ACTION_FORMAT = "continuous"

config = {
    "policy": 'MlpPolicy',
    "total_timesteps": 6_000_000,
    "logdir": "logs/",
    "savedir": "saved_models/",
}

# Create log dir
os.makedirs(config["logdir"], exist_ok=True)

# Create save dir
os.makedirs(config["savedir"], exist_ok=True)

# Show Tensorboard Logs
Visualise the live logs on tensorboard as we train

In [12]:
# Open Tensorboard Logging
%tensorboard --logdir logs/ --reload_multifile True --reload_interval 30
# --port 6007

Reusing TensorBoard on port 6006 (pid 86057), started 3 days, 5:11:17 ago. (Use '!kill 86057' to kill it.)

### Train SAC

In [8]:
# Instantiate and wrap the env
env_sac = make_vec_env(SimpleSimGym, 
                   n_envs=1, 
                   monitor_dir=config["logdir"]+"sac", 
                   env_kwargs=dict(
                       max_budget=MAX_BUDGET, 
                       max_targets=MAX_TARGETS, 
                       num_classes=NUM_CLASSES, 
                       player_fov=PLAYER_FOV, 
                       render_mode=RENDER_MODE, 
                       action_format=ACTION_FORMAT))

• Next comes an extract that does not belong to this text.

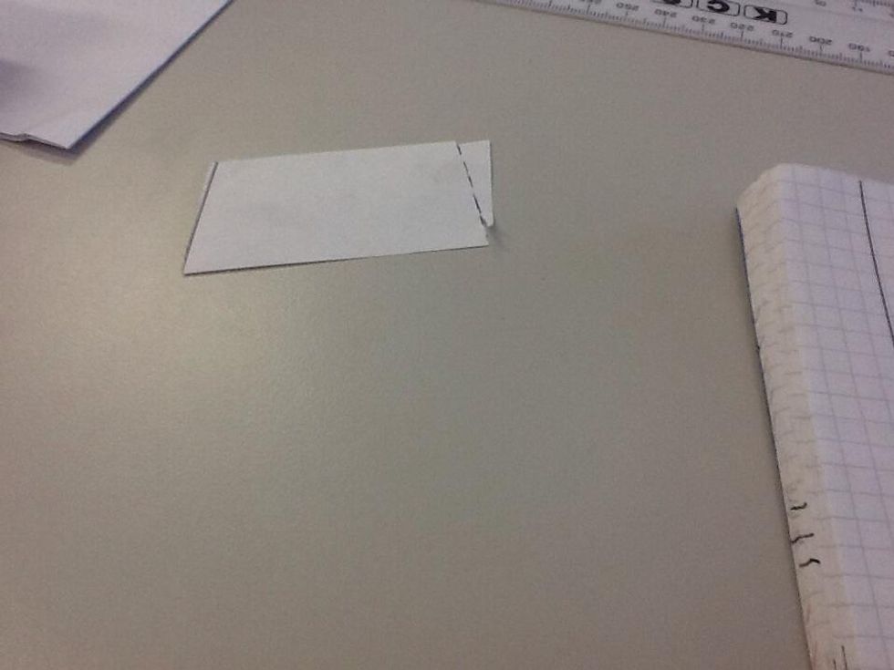 Cut as shown on the picture above.Try and make another shape using the piece of paper you cutTah-dah you have now successfully worked out the area of a parallelogram.

print("TRAINING MODEL WITH ABSOLUTE POSITIONS")

# Setup callbacks
auto_save_callback = SaveOnBestTrainingRewardCallback(check_freq=1000, log_dir=config["logdir"], save_dir=config["savedir"], model_name="sac", verbose=0)

# Create the agent
model_sac = SAC(config["policy"], env_sac, tensorboard_log=config["logdir"], verbose=0)

# Train in tranches
times_trained = 0
num_tranches = 10
tranches = num_tranches*(1+times_trained)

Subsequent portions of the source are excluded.